▶ [DATA FOR ANALYSIS]
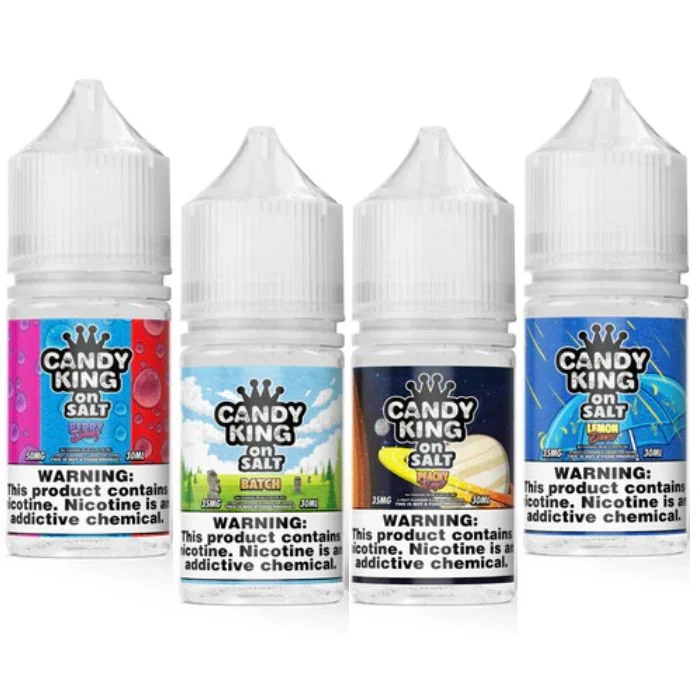 Candy King Nicotine Salts offer a smooth, satisfying hit with flavors reminiscent of classic candies. Available in 30ml bottles with 35mg and 50mg nicotine strengths, they provide a premium vaping experience. Crafted with high standards, these nicotine salts capture the essence of beloved childhood treats, ideal for vape shops seeking top-notch products. Candy King Nicotine Salts Features: Flavor Profile: Sweet and sour candy-inspired blends Nicotine Strengths: Available in 35mg and 50mg Bottle Size: 30ml Target Audience: Perfect for vape stores and smoke shops Key Flavors: Fish-Shaped Red Candy, Strawberry Rolls, Berry Dweebz, and more Manufacturing Quality: Crafted with the same high standards as Candy King E-Liquids Vaping Experience: Provides a smooth and satisfying hit with high nicotine content Nostalgia Factor: Flavors that capture the essence of beloved childhood candies Candy King Nicotine Salts Flavors: Batch: A mix of sweet and sour gummy candies with a refreshing menthol finish. Belts Strawberry: Classic strawberry candy belts offering a sweet and satisfying vape experience. Berry Dweebz: A delightful blend of assorted berry candies with a cool menthol touch for a refreshing vape. Cola Gummies: Enjoy the nostalgic taste of fizzy cola gummy candies. Gobbies: A burst of mixed fruity candy flavors for a delightful vaping experience. Gummy Bears: Chewy, fruity gummy bear flavors for a playful vape. Gush: A sweet and tangy blend of mixed fruit candies. Hard Apple: Crisp, tart apple candy flavor complemented by a cool menthol breeze. Jaws: A unique blend of fruity flavors with a refreshing twist. Lemon Drops: Tangy lemon candy with a hint of menthol for a refreshing citrusy vape. Mint: A cool and refreshing mint flavor for a crisp vape. Mystery Air Balloons: A mix of mysterious and delightful fruity flavors. Peachy Rings: Sweet and juicy peach candy rings finished with a cool menthol kick. Pink Lemonade Strips: Tangy pink lemonade candy flav
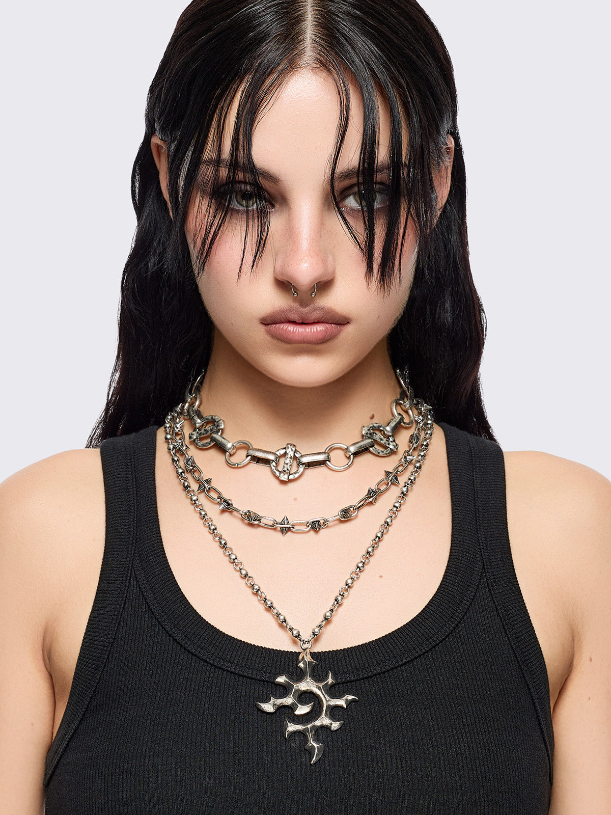 • Set of 3 silver necklaces
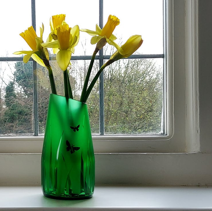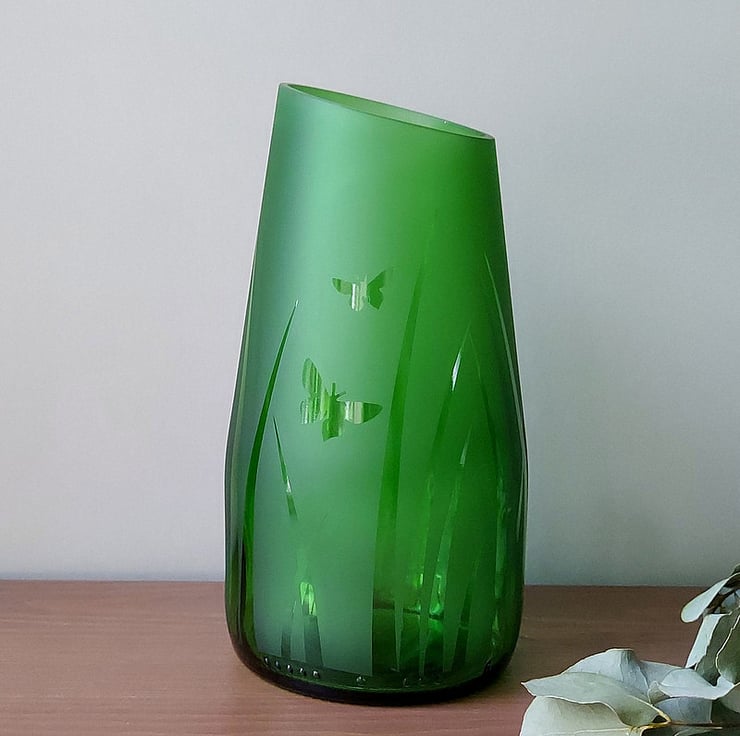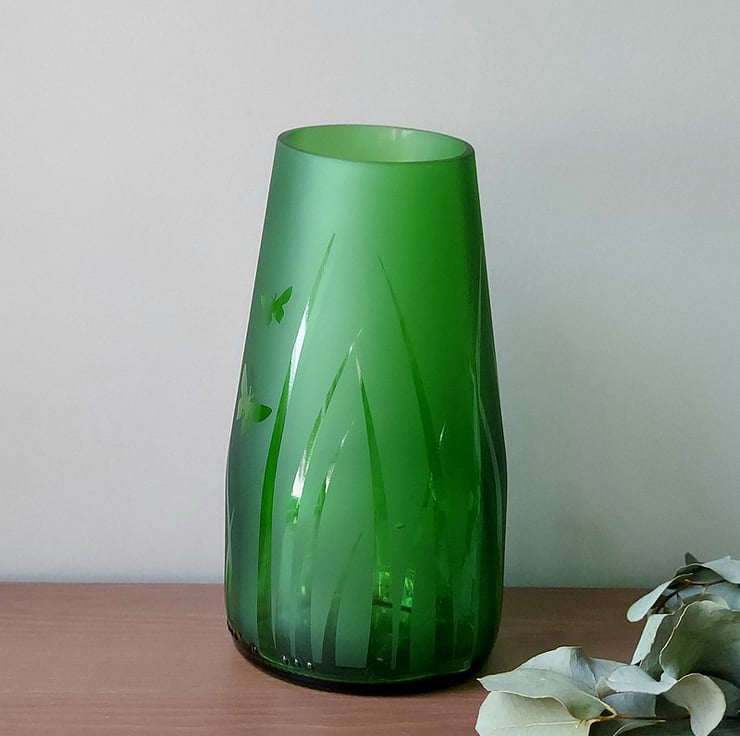 To create this recycled bottle vase, I cut the top off at an angle which complements the unusual tapering shape and ground it smooth, then sandblasted the surface, leaving clear a couple of butterflies flitting through the tall grass before sealing the surface with a protective coating.
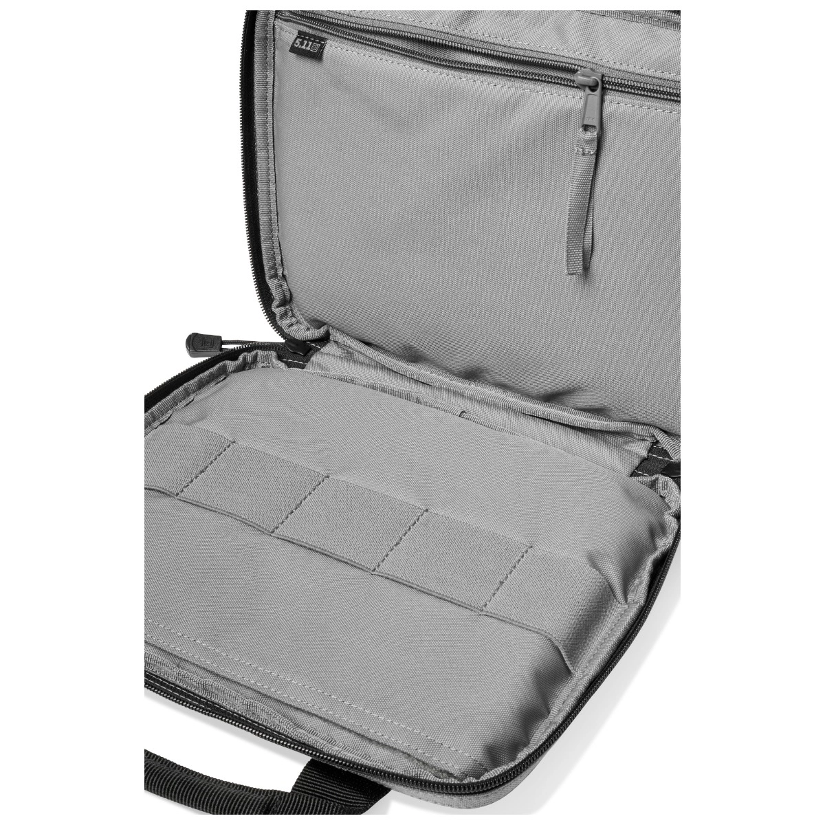 Das praktische, robuste und funktionelle 5.11 Double Pistol Case ist eine ideale Lösung zur Aufbewahrung von Kurzwaffen. Damit können zwei Kurzwaffen und jede Menge Magazine sicher transportiert werden. ABMESSUNGEN 22,2cm H x 27,9cm L x 8,8cm B 5.5-Liter Gesamtvolumen Gepolsterte Tasche für 2+ Kurzwaffen und zusätzliche Pistolenmagazine Kurzwaffen werden sicher in Reißverschlusstaschen verstaut Elastische Schlaufen sichern Kurzwaffenmagazine und anderes Zubehör Abschließbare YKK®-Reißverschlüsse Obere Haltegriffe Gurtschlaufen für optionale vertikale oder horizontale Befestigung eines Schultergurts (Schultergurt nicht enthalten) Namensband an der Außenseite 1050D Nylon
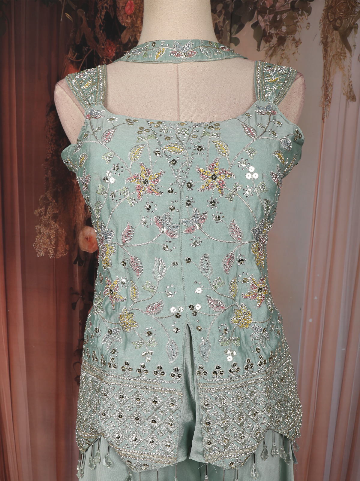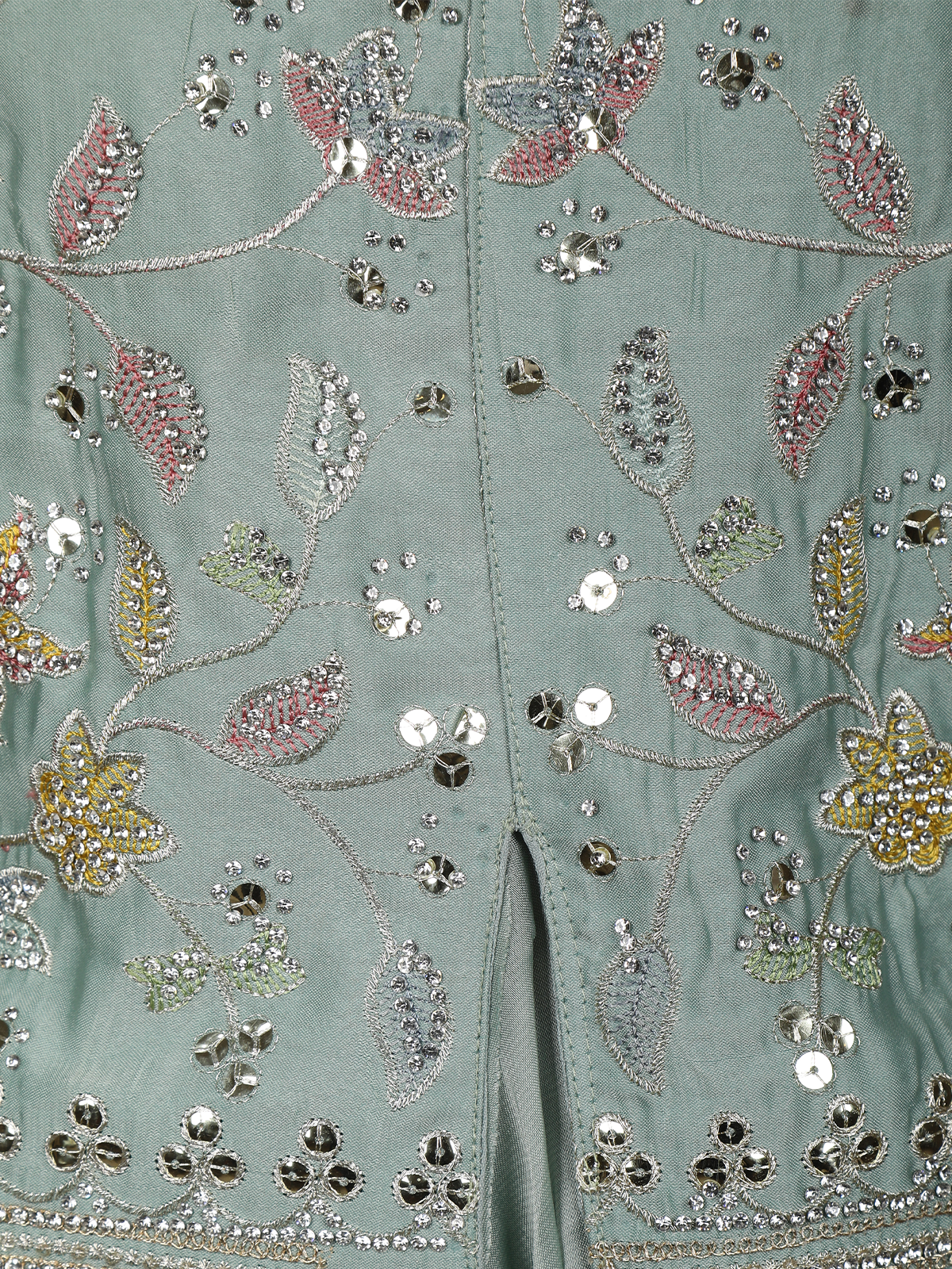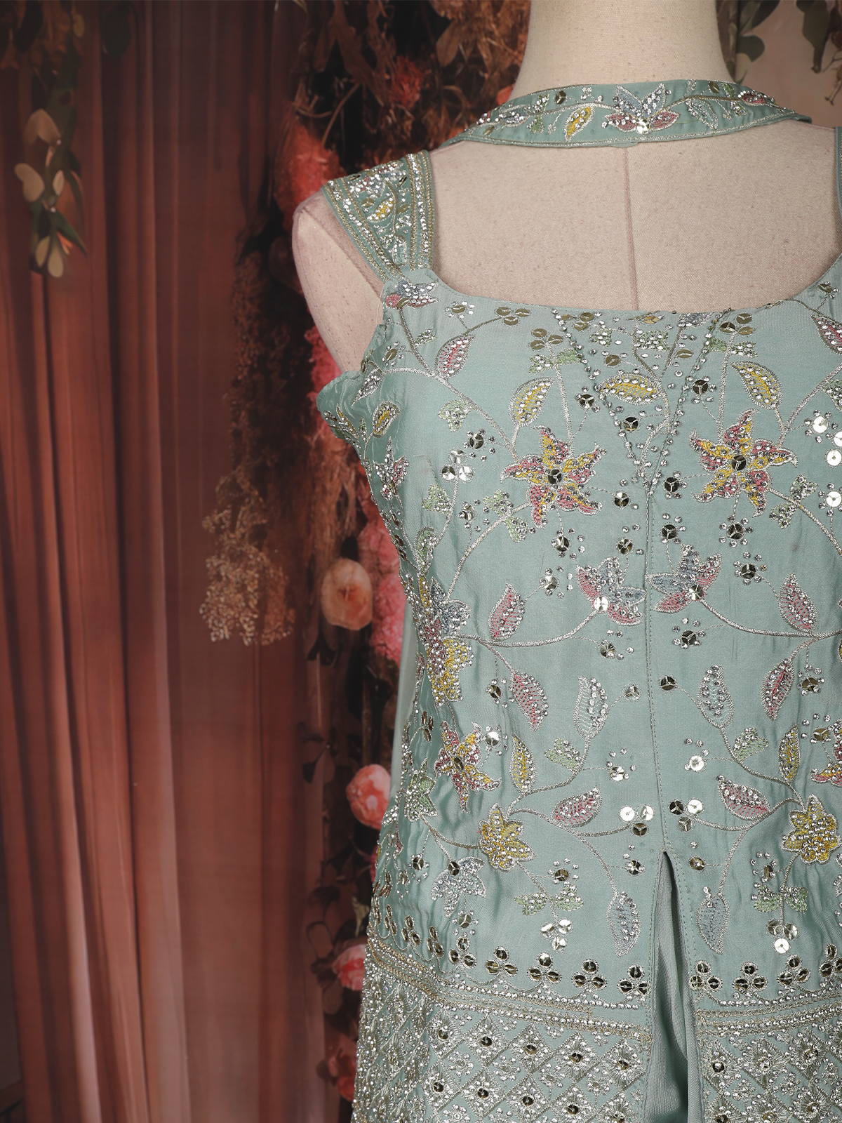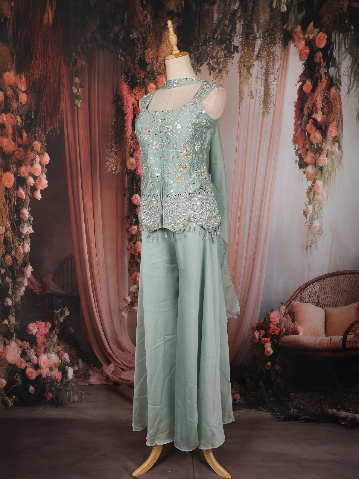 Light Green Floral Embroidered Georgette Palazzo Suit

▶ [THE TASK]
What should appear is an exact copy of the lines from the one containing "To create this" through the last line of the records above, pictures excluded.

▶ [RESPONSE]
 To create this recycled bottle vase, I cut the top off at an angle which complements the unusual tapering shape and ground it smooth, then sandblasted the surface, leaving clear a couple of butterflies flitting through the tall grass before sealing the surface with a protective coating.
 Das praktische, robuste und funktionelle 5.11 Double Pistol Case ist eine ideale Lösung zur Aufbewahrung von Kurzwaffen. Damit können zwei Kurzwaffen und jede Menge Magazine sicher transportiert werden. ABMESSUNGEN 22,2cm H x 27,9cm L x 8,8cm B 5.5-Liter Gesamtvolumen Gepolsterte Tasche für 2+ Kurzwaffen und zusätzliche Pistolenmagazine Kurzwaffen werden sicher in Reißverschlusstaschen verstaut Elastische Schlaufen sichern Kurzwaffenmagazine und anderes Zubehör Abschließbare YKK®-Reißverschlüsse Obere Haltegriffe Gurtschlaufen für optionale vertikale oder horizontale Befestigung eines Schultergurts (Schultergurt nicht enthalten) Namensband an der Außenseite 1050D Nylon
 Light Green Floral Embroidered Georgette Palazzo Suit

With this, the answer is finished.